### Aim of the exercise
The lines to copy run from the one containing "3 Flower Sisters" to the end of the listing. Please write them out exactly, minus the pictures.

··········

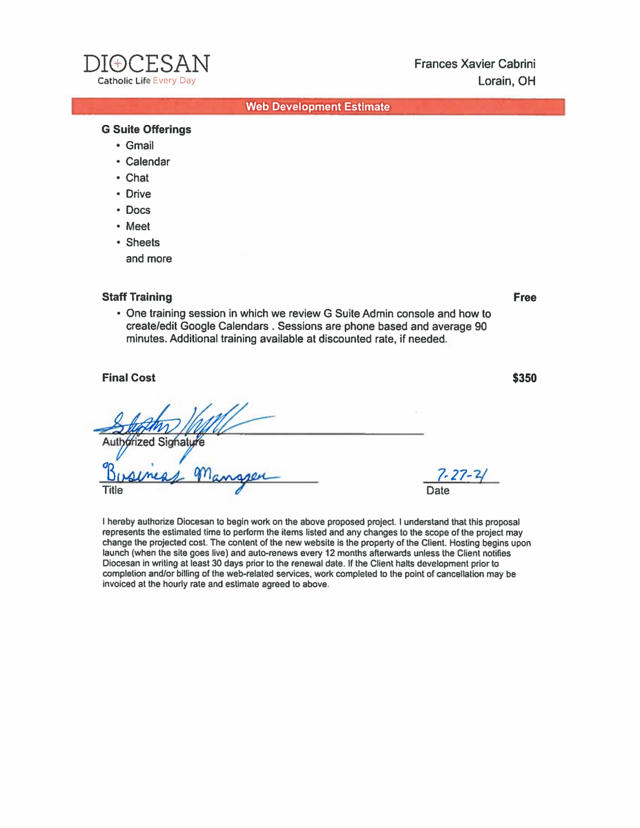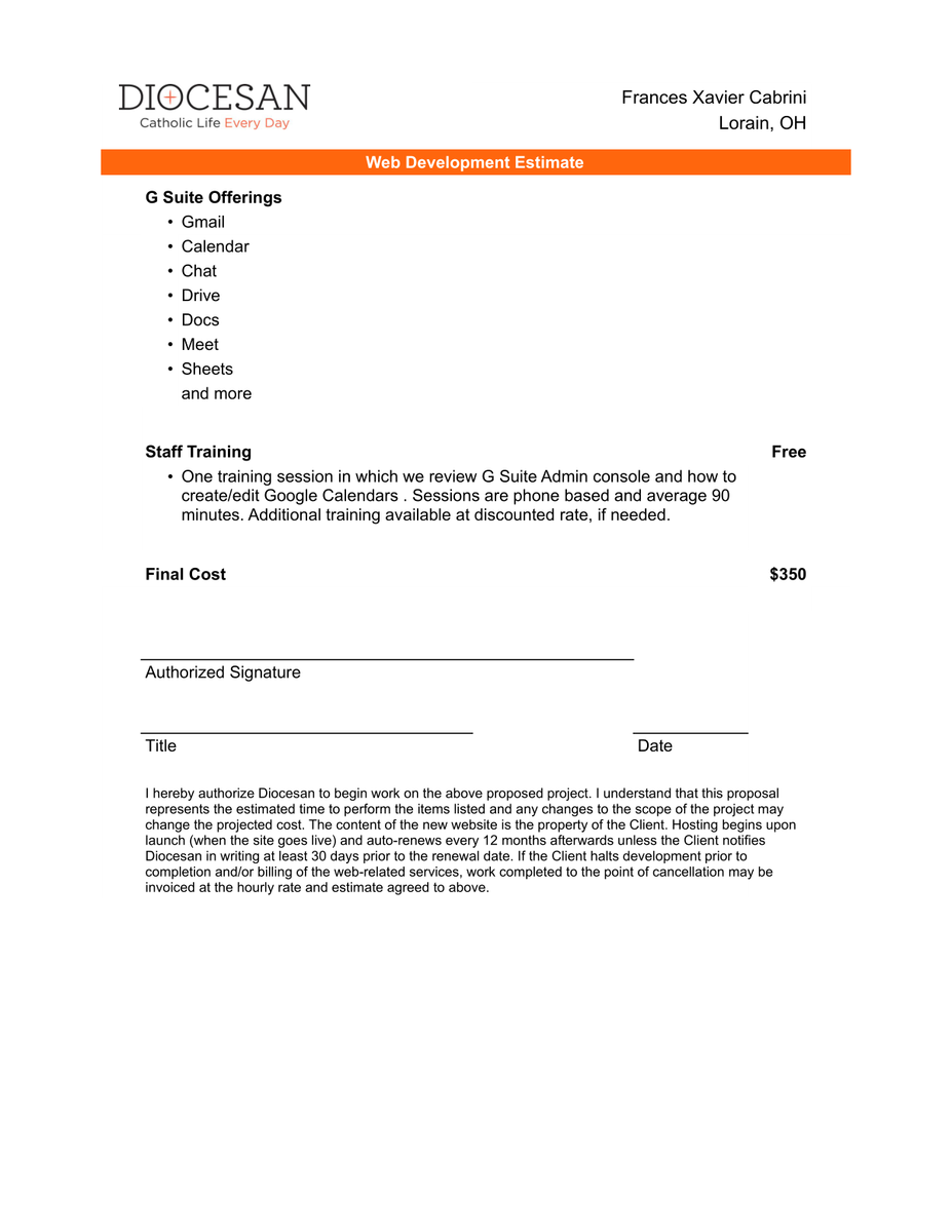As we discussed over the phone, I have created a proposal for Diocesan to set up your G Suite account. When we get the signed proposal returned, we can begin the process.
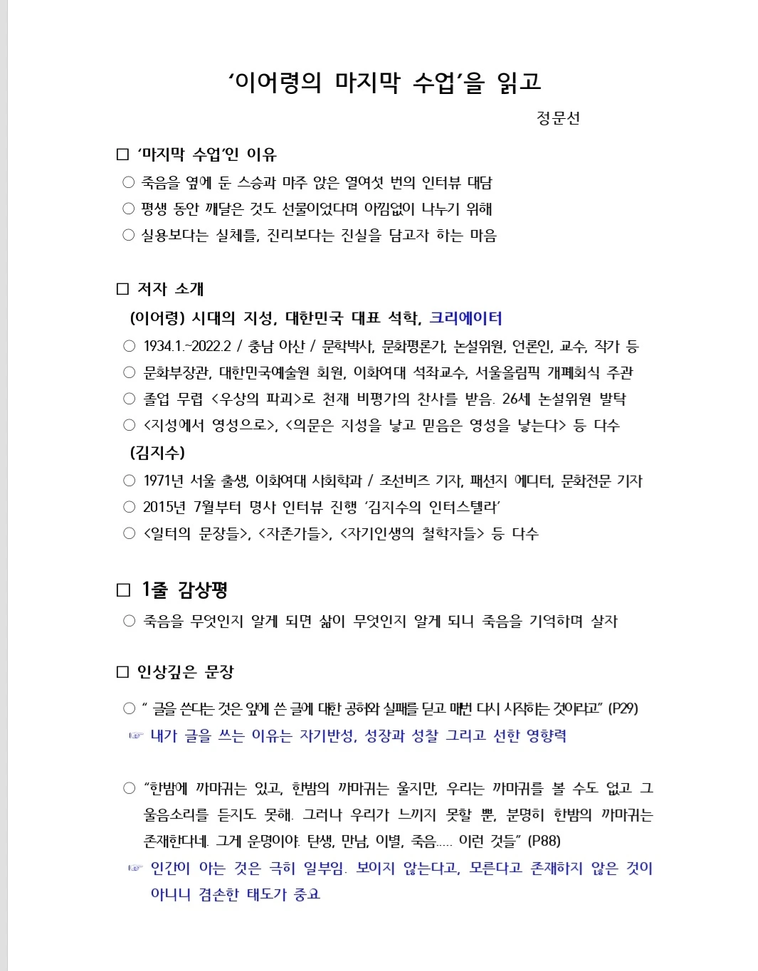 오늘 토론할 책은 "이어령의 마지막 수업"이다. 5명이 참여하여 매달 돌아가며 발제하는 방식으로 운영된다. 4명이 참여해 생각을 나눴다.
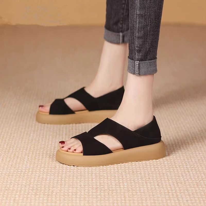 女款 复古百搭厚底罗马鞋 2025年夏季 舒适时尚 新款 超火豹纹露趾凉鞋
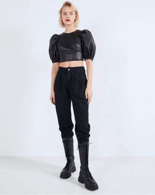 Faux leather blouse with voluminous sleeves
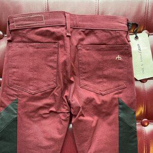 Iconic Rag & Bone for Intermix Grand Prix skinny pant/legging. Burgundy color with black and gray chevron. Sleek, edgy design - classic Rag & Bone streetwear style.
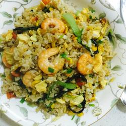 8.Put oil into the pot and add shrimp, green vegetables, carrots, Stir-fried corn kernels
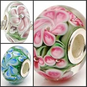3 Flower Sisters Hawaii Garden .925 Stamped Solid Sterling Silver Core Murano Glass Beads Charms: Jewelry. All beads are brand new. The grass is always greener and the flowers always prettier on the other side. This bead has a .925 sterling silver core, and is suitable for 3mm Cable European Charm Bracelets. It is interchangeable with other European bead charms, and is compatible with Pandora, Troll, Chamilia, Biagi & other styles of European bracelets. Quality beads sell at wholesale price. We will ship as pictured (no duplicates). Hole size is approximately 4.5mm, dimension of beads are approximately 14mm by 7mm (As they are all handmade there may be a slight difference in color or size).
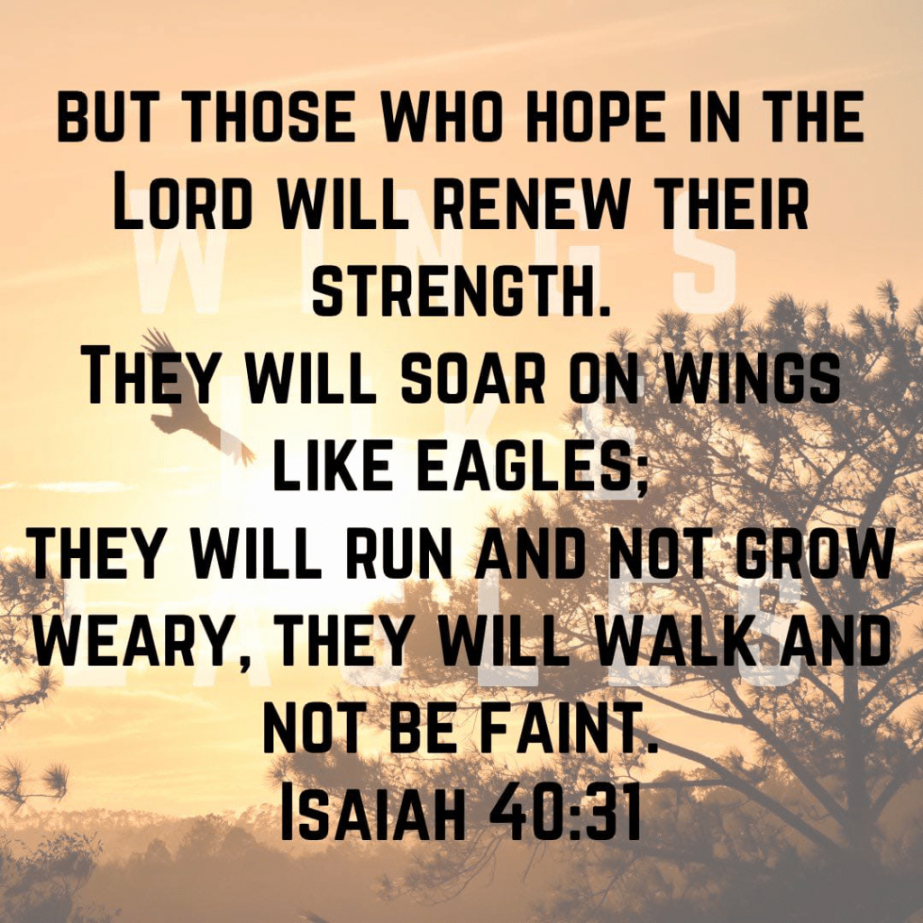 I found this verse really inspires me! Especially when it says that when we hope in the Lord we “will run and not grow weary.” It encourages me to carry on obeying Jesus, even when I’m tired, because God has promised to give me strength.
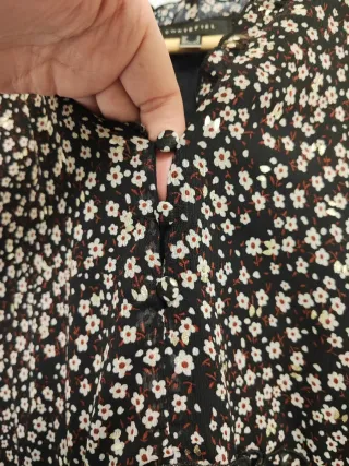 Vestido de Zara con estampado floral. - Manga corta. - Escote en V. - Detalle de encaje en el bajo y en las mangas
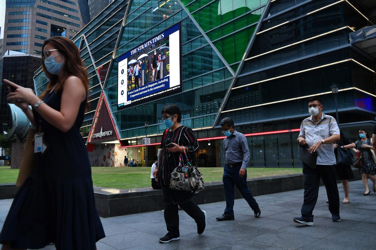 Office workers in masks after work hours at Raffles Place on Sept 24, 2020.

··········

### Written answer
3 Flower Sisters Hawaii Garden .925 Stamped Solid Sterling Silver Core Murano Glass Beads Charms: Jewelry. All beads are brand new. The grass is always greener and the flowers always prettier on the other side. This bead has a .925 sterling silver core, and is suitable for 3mm Cable European Charm Bracelets. It is interchangeable with other European bead charms, and is compatible with Pandora, Troll, Chamilia, Biagi & other styles of European bracelets. Quality beads sell at wholesale price. We will ship as pictured (no duplicates). Hole size is approximately 4.5mm, dimension of beads are approximately 14mm by 7mm (As they are all handmade there may be a slight difference in color or size).
 I found this verse really inspires me! Especially when it says that when we hope in the Lord we “will run and not grow weary.” It encourages me to carry on obeying Jesus, even when I’m tired, because God has promised to give me strength.
 Vestido de Zara con estampado floral. - Manga corta. - Escote en V. - Detalle de encaje en el bajo y en las mangas
 Office workers in masks after work hours at Raffles Place on Sept 24, 2020.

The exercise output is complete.